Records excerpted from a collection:
# # # # #
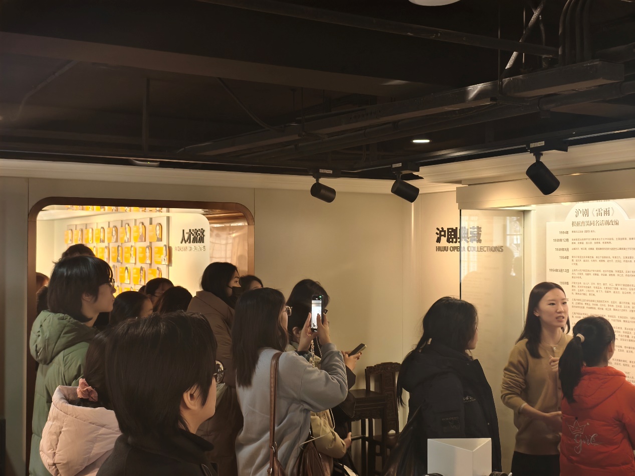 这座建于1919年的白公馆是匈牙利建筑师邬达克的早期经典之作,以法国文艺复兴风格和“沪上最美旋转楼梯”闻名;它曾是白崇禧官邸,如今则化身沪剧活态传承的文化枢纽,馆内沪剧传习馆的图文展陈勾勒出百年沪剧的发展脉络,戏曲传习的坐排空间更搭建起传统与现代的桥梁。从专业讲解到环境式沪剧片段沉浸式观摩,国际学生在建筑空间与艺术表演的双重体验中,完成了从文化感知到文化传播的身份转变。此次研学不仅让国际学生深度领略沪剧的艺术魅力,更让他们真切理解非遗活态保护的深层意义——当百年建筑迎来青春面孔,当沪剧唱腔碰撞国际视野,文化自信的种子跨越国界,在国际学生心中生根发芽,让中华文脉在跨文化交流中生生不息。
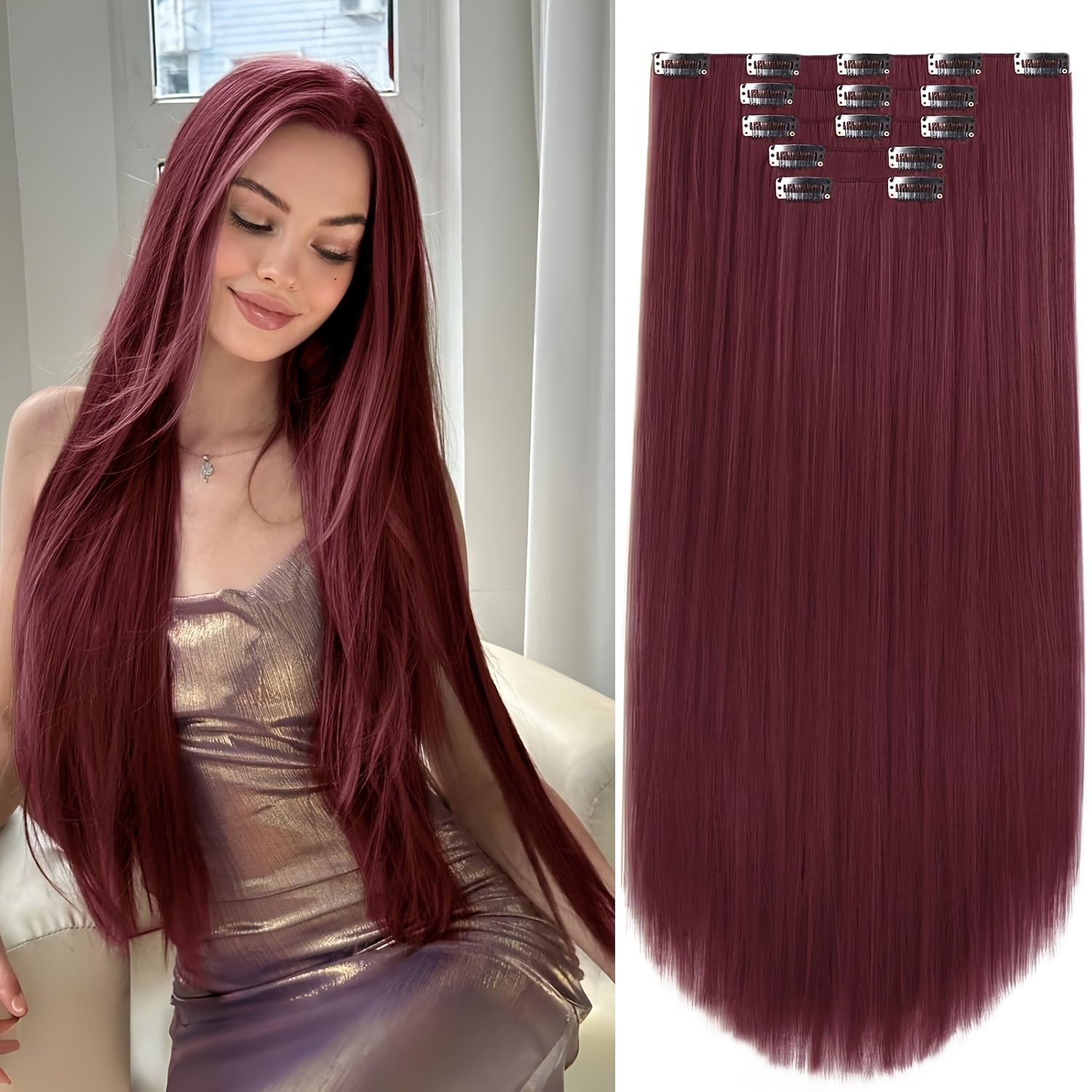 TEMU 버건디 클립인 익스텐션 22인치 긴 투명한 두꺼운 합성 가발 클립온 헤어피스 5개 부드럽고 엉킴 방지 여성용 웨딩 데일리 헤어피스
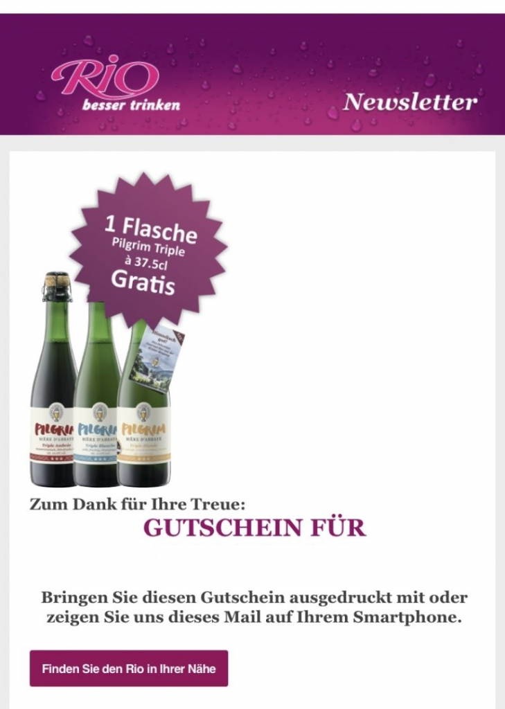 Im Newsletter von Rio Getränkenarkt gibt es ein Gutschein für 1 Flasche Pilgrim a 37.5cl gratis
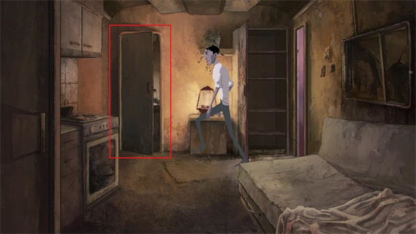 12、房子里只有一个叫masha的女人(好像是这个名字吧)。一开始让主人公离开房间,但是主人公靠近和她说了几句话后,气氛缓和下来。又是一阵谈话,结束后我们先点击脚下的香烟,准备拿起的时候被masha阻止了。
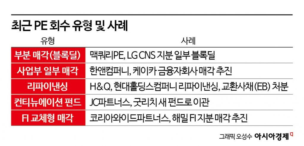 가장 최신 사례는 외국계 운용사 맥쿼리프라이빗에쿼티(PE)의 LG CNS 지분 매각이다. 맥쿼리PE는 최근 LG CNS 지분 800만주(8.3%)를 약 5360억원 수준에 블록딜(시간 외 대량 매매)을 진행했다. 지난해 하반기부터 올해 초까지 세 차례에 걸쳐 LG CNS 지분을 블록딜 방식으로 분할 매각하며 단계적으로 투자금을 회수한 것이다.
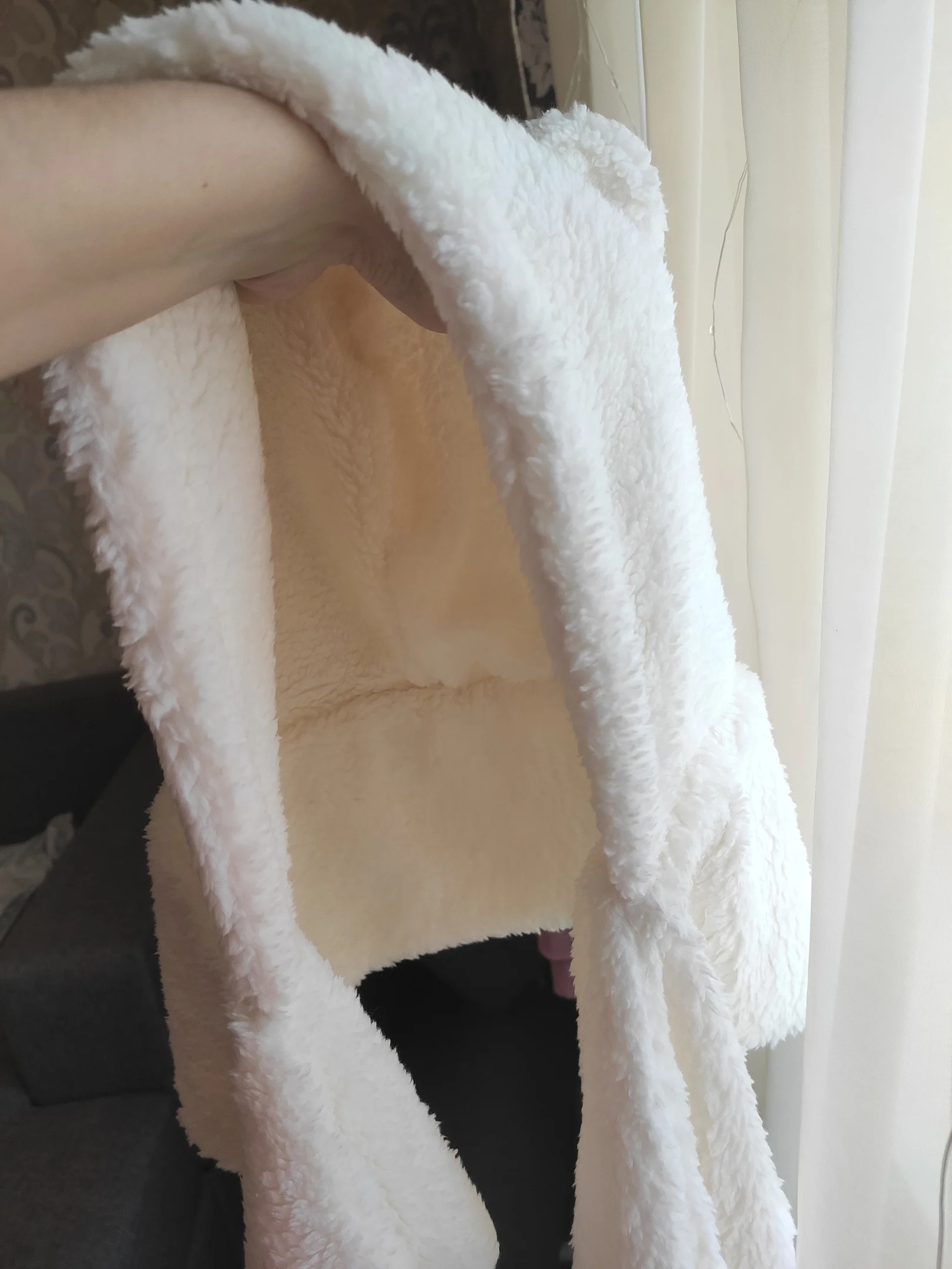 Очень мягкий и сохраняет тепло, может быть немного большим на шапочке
# # # # #
Give the data again exactly as it stands, apart from the pictures.

 这座建于1919年的白公馆是匈牙利建筑师邬达克的早期经典之作,以法国文艺复兴风格和“沪上最美旋转楼梯”闻名;它曾是白崇禧官邸,如今则化身沪剧活态传承的文化枢纽,馆内沪剧传习馆的图文展陈勾勒出百年沪剧的发展脉络,戏曲传习的坐排空间更搭建起传统与现代的桥梁。从专业讲解到环境式沪剧片段沉浸式观摩,国际学生在建筑空间与艺术表演的双重体验中,完成了从文化感知到文化传播的身份转变。此次研学不仅让国际学生深度领略沪剧的艺术魅力,更让他们真切理解非遗活态保护的深层意义——当百年建筑迎来青春面孔,当沪剧唱腔碰撞国际视野,文化自信的种子跨越国界,在国际学生心中生根发芽,让中华文脉在跨文化交流中生生不息。
 TEMU 버건디 클립인 익스텐션 22인치 긴 투명한 두꺼운 합성 가발 클립온 헤어피스 5개 부드럽고 엉킴 방지 여성용 웨딩 데일리 헤어피스
 Im Newsletter von Rio Getränkenarkt gibt es ein Gutschein für 1 Flasche Pilgrim a 37.5cl gratis
 12、房子里只有一个叫masha的女人(好像是这个名字吧)。一开始让主人公离开房间,但是主人公靠近和她说了几句话后,气氛缓和下来。又是一阵谈话,结束后我们先点击脚下的香烟,准备拿起的时候被masha阻止了。
 가장 최신 사례는 외국계 운용사 맥쿼리프라이빗에쿼티(PE)의 LG CNS 지분 매각이다. 맥쿼리PE는 최근 LG CNS 지분 800만주(8.3%)를 약 5360억원 수준에 블록딜(시간 외 대량 매매)을 진행했다. 지난해 하반기부터 올해 초까지 세 차례에 걸쳐 LG CNS 지분을 블록딜 방식으로 분할 매각하며 단계적으로 투자금을 회수한 것이다.
 Очень мягкий и сохраняет тепло, может быть немного большим на шапочке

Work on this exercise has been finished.